PASSAGEM PARA A ÍNDIA NO BOM FIM, por Cátia Simon

Conto publicado em A arca de desejos por Porto Alegre
– org. por Cátia Castilho Simon e Liana Timm.
Porto Alegre: Território das Artes, 2022.

Escolheram a dedo o filme, todo mundo comentava que era imperdível e passava no cinema do Bom fim, podiam ir a pé mesmo em cima da hora. Mal fecharam a porta e o telefone tocou. Olharam-se e comentaram que devia ser o pessoal da reunião que dali a pouco iniciava. Já haviam decidido que não iam e seguiram em frente. Da Felipe Camarão até a Oswaldo era um pulo e andaram rápido. Entraram no Baltimore quando as luzes já estavam apagadas, mas em tempo de ver o início do filme e de se livrarem do Canal 100. Para elas o jornal que antecedia todos os filmes tinha apenas um único propósito – alienar sempre e cada vez mais o povo brasileiro de sua realidade – na manjada política do pão e circo. Sorriram ao perceberem que a ficha técnica do dito programa estava sendo exibida. Chegaram atrasadas e escolheram um lugar próximo à entrada para não atrapalharem os que haviam chegado antes, já acomodados. Em tudo procuravam o equilíbrio entre a teoria e a prática, com ênfase na práxis como boas materialistas que eram.
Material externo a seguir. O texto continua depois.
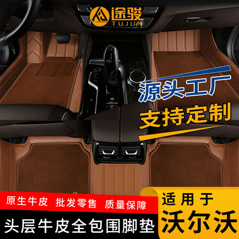 Lapisan pertama kulit sapi penutup penuh mobil tikar untuk Volvo XC40 XC60 XC90 S90 S60 S40
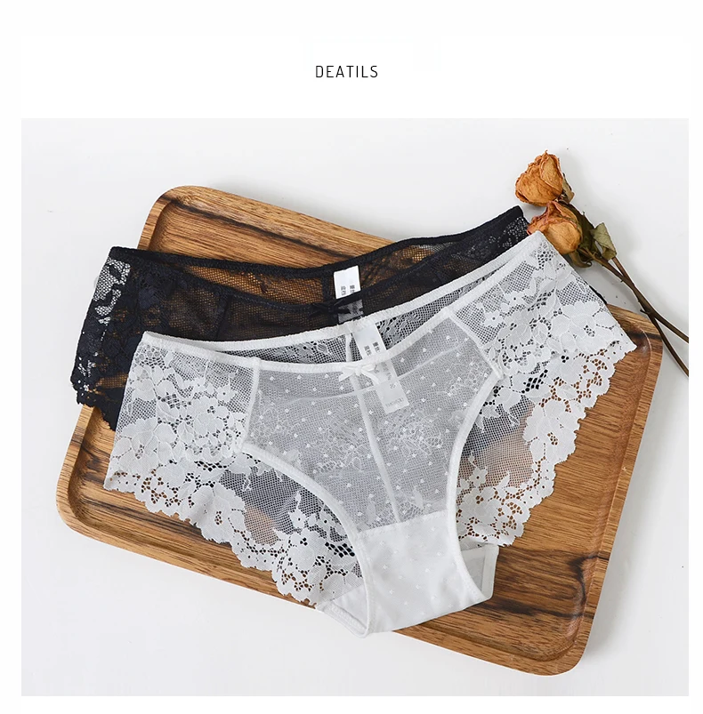 Трусики женские кружевные прозрачные в горошек, прозрачные
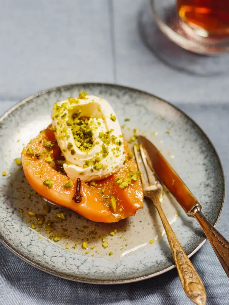 You’ll find this traditional Turkish dessert in restaurants during winter months. Ayva Tatlısı uses quince, a seasonal fruit available from October to January.
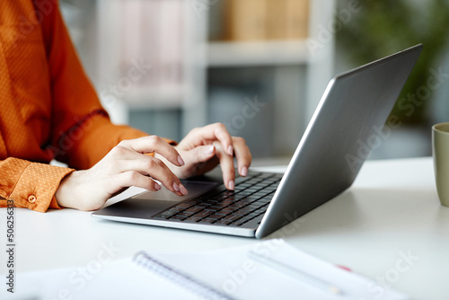Fototapeta premium Medium close-up of unrecognizable young woman working in Internet texting on laptop in office
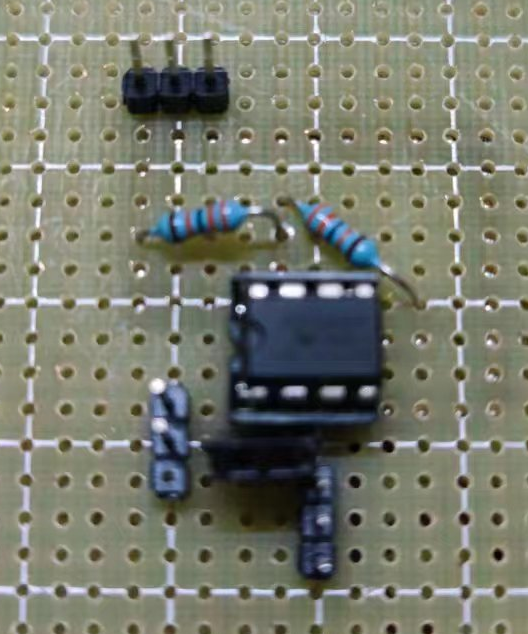 简单的用洞洞板做了个电路,R1和R2分别选用328K电阻(可能也有点误差)。
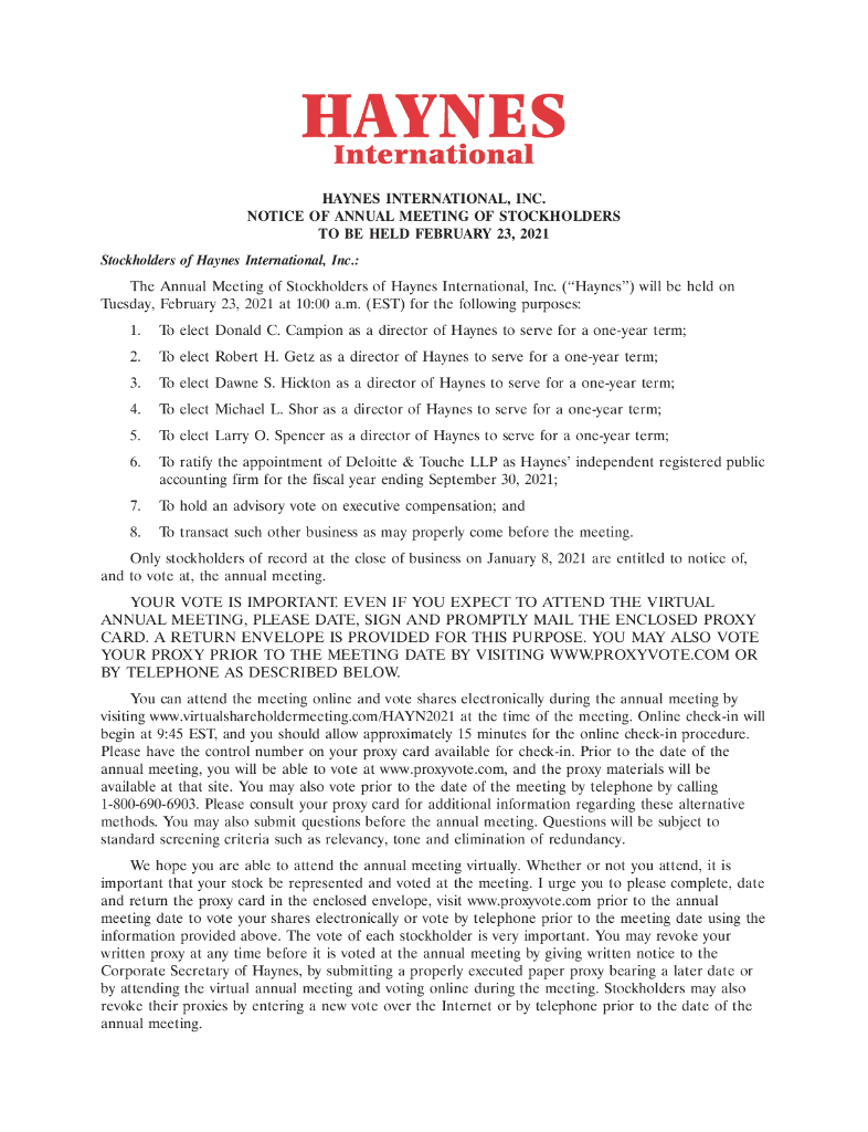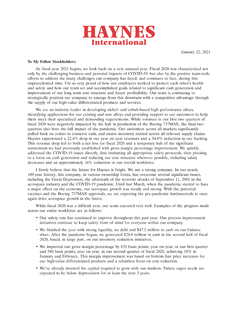 Haynes International Inc.(HAYN)2020财年年度报告(英文版).pdf
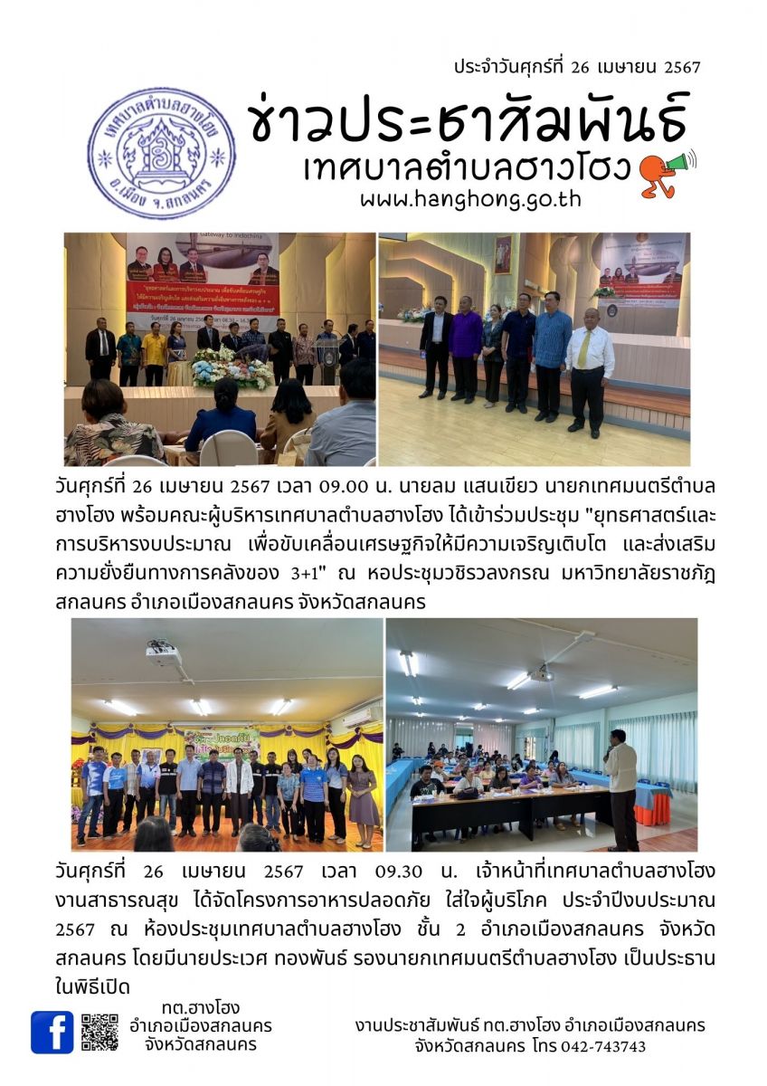 ข่าวประชาสัมพันธ์ เทศบาลตำบลฮางโฮง ประจำวันที่ 26 เมษายน 2567
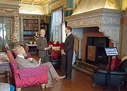 Tussauds kept the castle in use mainly as a tourist attraction, while making extensive restorations to the castle and grounds. In twelve of the apartments open to tourists after the sale, wax figures of historic people are presented. Those depicted here were guests at a weekend party in 1898 hosted by Frances, Countess of Warwick; the principal guest was the Prince of Wales, later Edward VII.[71]
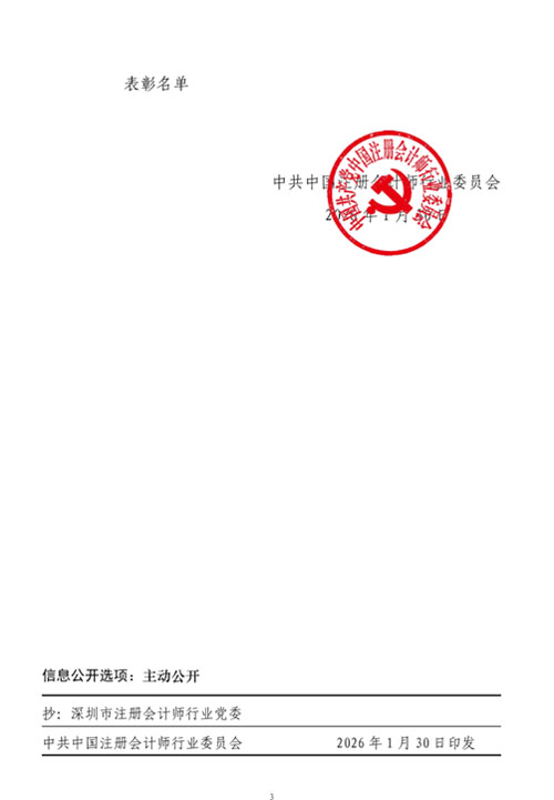 近日,收到中共中國注冊會計師行業(yè)委員會文件《關(guān)于表彰2022-2025年度注冊會計師行業(yè)先進黨組織和優(yōu)秀個人的決定》,我所主任會計師吳林海同志榮獲注冊會計師行業(yè)“優(yōu)秀黨務(wù)工作者”稱號。 此次榮獲“優(yōu)秀黨務(wù)工作者”稱號,不僅是對其個人工作的認可,也是對我所黨建工作的高度肯定。 我所將以此次獲獎為契機,進一步加強黨建工作,深化黨建與業(yè)務(wù)融合,提升服務(wù)質(zhì)量,堅守職業(yè)道德,不斷增強服務(wù)國家戰(zhàn)略、服務(wù)經(jīng)濟發(fā)展、服務(wù)社會公眾的能力。 附件:
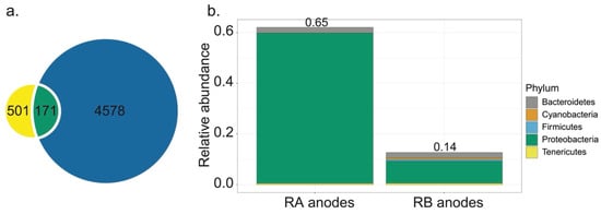 (a) Venn diagram of the common members of anodic communities in reactor A and B. A total of 171 amplicon sequence variants (ASVs) are shared. (b) The relative abundance of the shared taxa in each sample.
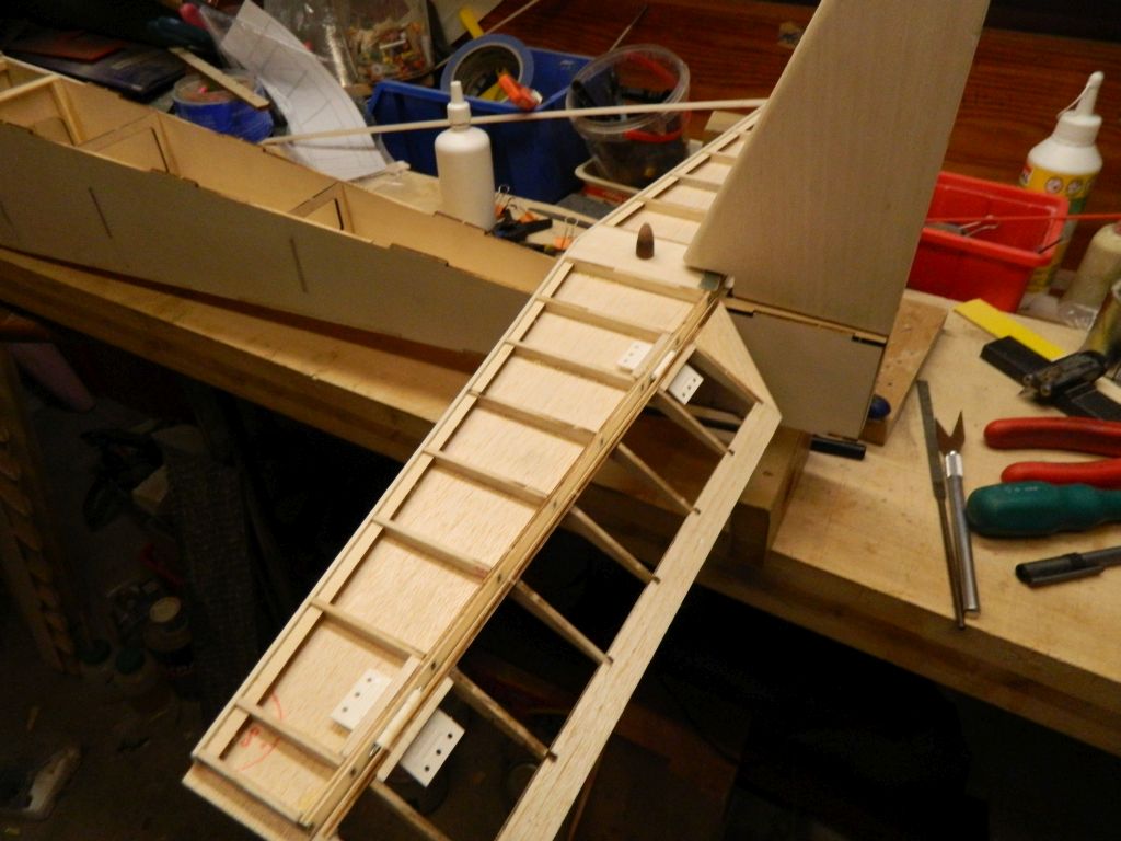 Zaczynam od statecznika pionowego. Muszę zweryfikować czy ten element pasuje do wpustów na kadłubie. Konstrukcja prosta: dźwigarek ze sklejki topolowej, żeberka również. Natarcie to listwa sosnowa 5x3 i jeszcze jeden kawałek takiej listewki w przedniej części statecznika, puste przestrzenie na szczycie pionu i listewki łącznikowej wypełnione balsą 3 i 4 mm. Na natarcie przykleję listwę balsową 2/3 mm. Po zdjęciu z deski, szlifowanie, oklejenie balsą 1.5 mm a na koniec natarcie z listwy 3/4 mm.
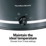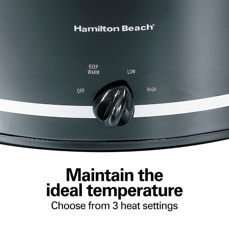La olla de cocción lenta Hamilton Beach® de 8 cuartos con reposa tapas facilita servir y almacenar. El reposa tapas integrado la mantiene firmemente en su lugar, así que no tienes que sujetarla ni quitarla mientras sirves. El reposa tapas también funciona como enrollacables para un almacenamiento ordenado. El tamaño extragrande de 8 cuartos de galón de la olla de cocción lenta es perfecto para comidas abundantes, ya sea que estés preparando chili para el día del partido, entreteniendo a amigos o saciando el apetito de una familia numerosa. La olla de cerámica ovalada tiene capacidad para un pollo de 8 lb o un asado de 6 lb y sirve para más de 10 personas. Es un tamaño ideal para preparar grandes porciones de todas tus comidas favoritas, desde chili y guisos hasta pastas y postres. Con controles manuales sencillos y 3 configuraciones de calor, cocinarás fácilmente comidas deliciosas con el mínimo esfuerzo, ya seas nuevo en la cocina o un chef casero experimentado. Cocina tu comida en baja o alta temperatura, y luego cambia a mantener caliente al finalizar la cocción para mantener la temperatura ideal hasta que llegue la hora de comer. Con asas de agarre firme, la olla de cocción lenta es cómoda y fácil de agarrar para llevarla a la mesa o a una comida compartida. La olla de cerámica extraíble y la tapa de vidrio son aptas para lavavajillas.
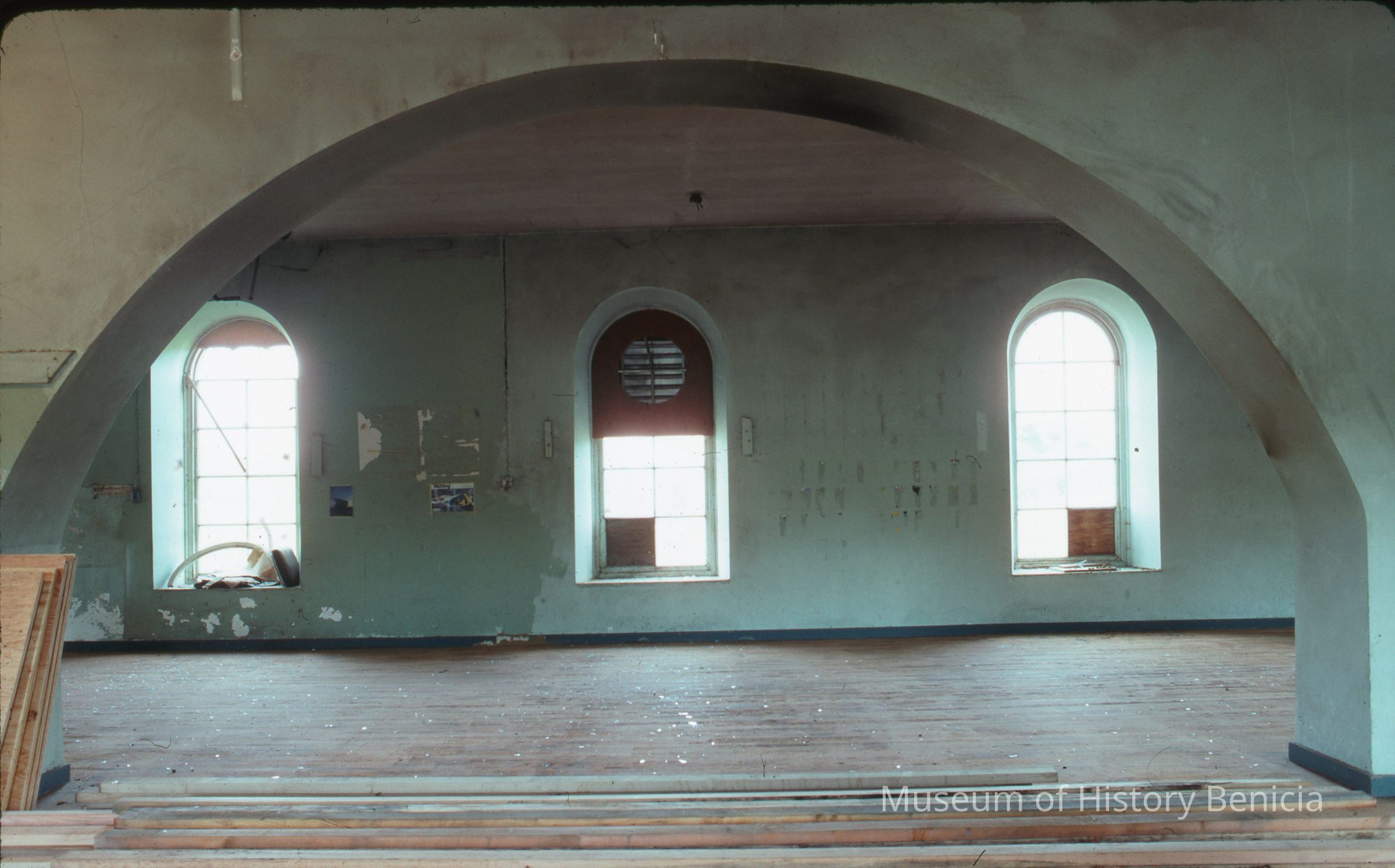 Downstairs Bldg. 9 overview of window replacement needed during modification to establish museum. 35 mm slide.

Antes de irem para a sala, pegaram a pipoca – não abriam mão daquele pequeno luxo– e trocaram ideias sobre o Congresso do Partido que aconteceria dali a uns dias. Comentaram sobre seus namorados, também camaradas da militância, que estavam trabalhando no fim de semana. Elas até acharam bom, assim ficavam mais à vontade para conversarem. Tinham decidido pelo cinema, declinaram de participar de mais outra reunião de ânimos acirrados.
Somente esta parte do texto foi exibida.